Focus on Nutrition for Back-to-SchoolCollage of Chris Paul eating an apple, fruit dumbells, and myplate.gov logo

Council Member Tips:

  • Try making a quick smoothie with ice, low fat yogurt or 100% juice and fresh or frozen berries, spinach, peas or other fruits & vegetables. It’s an easy and delicious way to help kids meet their daily fruit and vegetable intake. — Dan Barber
  • Make water your go-to drink. It’s a thirst-quencher that will save you calories. — Allyson Felix

Use these easy-to-implement tips to set you and your family on the path to a healthier lifestyle, in and out of school. Try tackling one area each week—over time, healthy eating will become a part of your everyday life.

The MyPlate food icon is easy to understand and teaches the components of a healthy diet. The interactive plate offers tools and tips for eating a well-balanced diet based on the 2010 Dietary Guidelines for Americans.

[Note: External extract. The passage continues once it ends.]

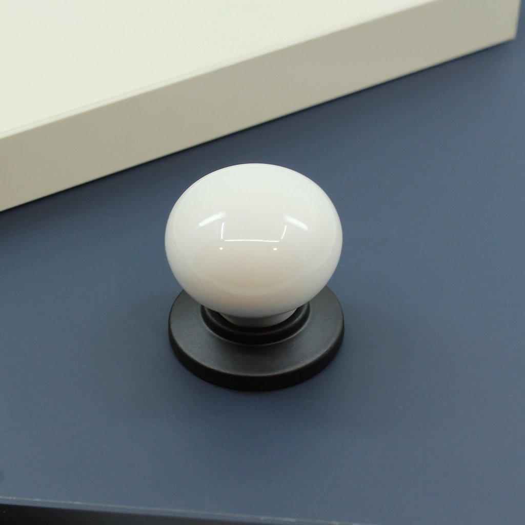 Štýlový dizajn: Biela porcelánová knopka doplnená o čierne prvky pre elegantný vzhľad.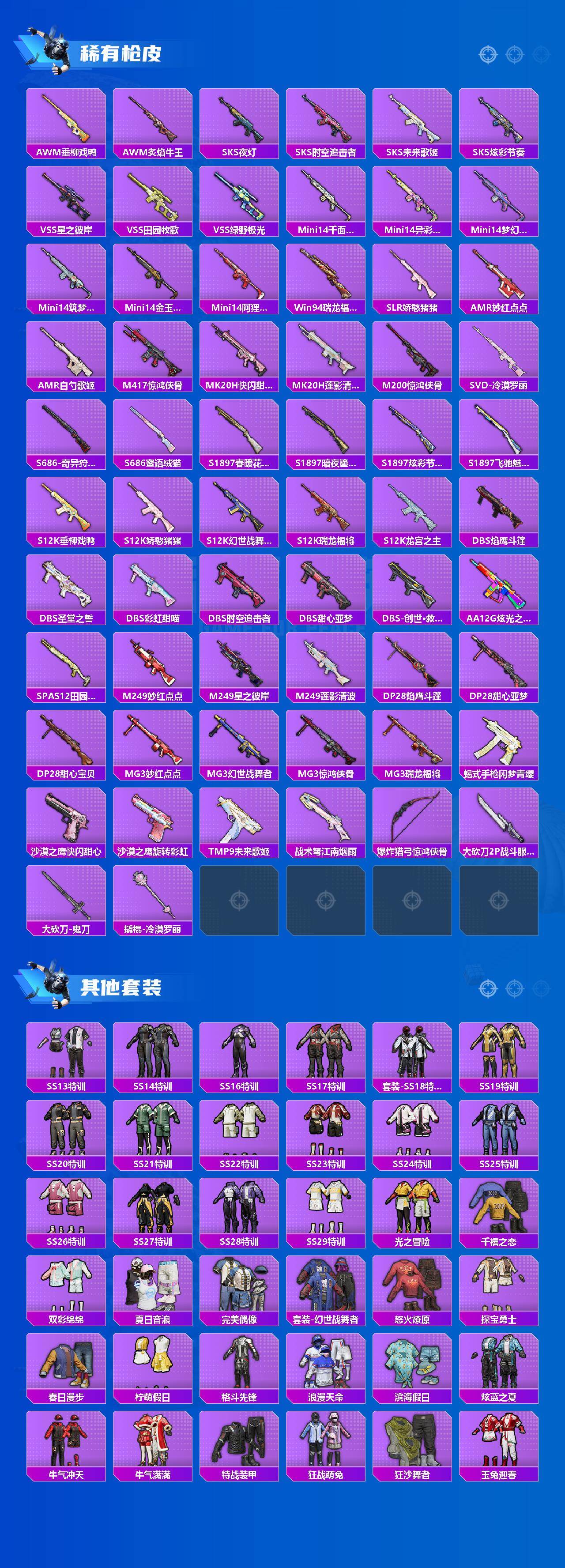 - [12175353]可二次 可修改实名 V2 59英雄武器 1英雄角色 119万化 大师 武器:M200-幻神,MK47-云舞,TAC-晴舞,巴雷特-毁灭,AK47-木兰,AK47-无影,M4A1-雷神,AWM-天使,QBZ03-金色蔷薇,QBZ19-天使,AK47-华夏传说,AK47-血武士,AK12-天启,AWM-天龙,9A91-天神,加特林-蟒蛇,加特林-堡垒,P90-突突兔觉醒,地狱火,AK47-破空冰刃,M4A1-太白诗仙,AN94-赳赳秦师,马来剑-毁灭,尼泊尔-冰锋觉醒,MK47-塔罗牌觉醒,屠龙,唐刀-大唐荣耀,太白诗仙扇,烟雾弹-游骑兵,燃烧弹-游骑兵,闪光弹-游骑兵,AWM-指南针,分裂雷-偃蛇,HK417-炎龙铠甲,手雷-游骑兵,AWM-大湾溢彩,环刃-炫光掠影觉醒

Emphasis on Fruits & Veggies

  • Half your plate should consist of fruits and vegetables. Vary your options for a colorful plate!
  • Mix vegetables into dishes. Try spinach with pasta or peppers in tacos.
  • Use fresh, frozen, and canned fruits and vegetables. They all offer the same great nutrients. Just be sure to watch the sodium on canned vegetables and look for fruits packed in water or 100% juice (not syrup).
  • Pack your child’s lunch bag with fruits and veggies: sliced apples, a banana, or carrot sticks are all healthy options.
  • Keep a bowl of whole fruit readily available as a visible reminder.

Healthy Snacks

  • For a handy snack, keep cut-up fruits and vegetables like carrots, peppers, or orange slices in the refrigerator.
  • Teach children the difference between snacks that require permission, such as cookies or other sweets, and snacks that kids can take freely, such as fruits and veggies.
  • Make water a staple of snack time. Try adding a slice of lemon, lime, or a splash of 100% juice to your water for a little flavor.

Substitutes to Reduce Fat, Salt and Sugar

  • Opt for low or non-fat dairy products—like milk, yogurt, and cheeses.
  • Choose baked or grilled food instead of fried. Implement this at home, too.
  • Make water and low-fat the go-to drinks instead of soda or sweetened beverages.
  • Serve fruits as everyday desserts—like baked apples and pears or a fruit salad.
  • Read labels on packaged ingredients to find foods lower in sodium.
  • Skip adding salt when cooking, instead use herbs and spices to add flavor.

Controlling Portion Size

  • Use smaller plates to control portion sizes.
  • Don’t clean your plate or bowl if you’re full, instead save leftovers for tomorrow’s lunch.
  • Portion sizes depend on the age, gender, and activity level of the individual.

Healthy Eating in School

  • Bring healthy snacks into your child’s classroom for birthday parties, instead of providing sugary treats.
  • Encourage local schools to ban or limit junk food and soda for students and replace these with healthy options. Schools across the nation are making their lunch rooms healthier places, check out the Chefs Move to Schools initiative—where chefs work with local schools to add flavorful, healthy meals to menus.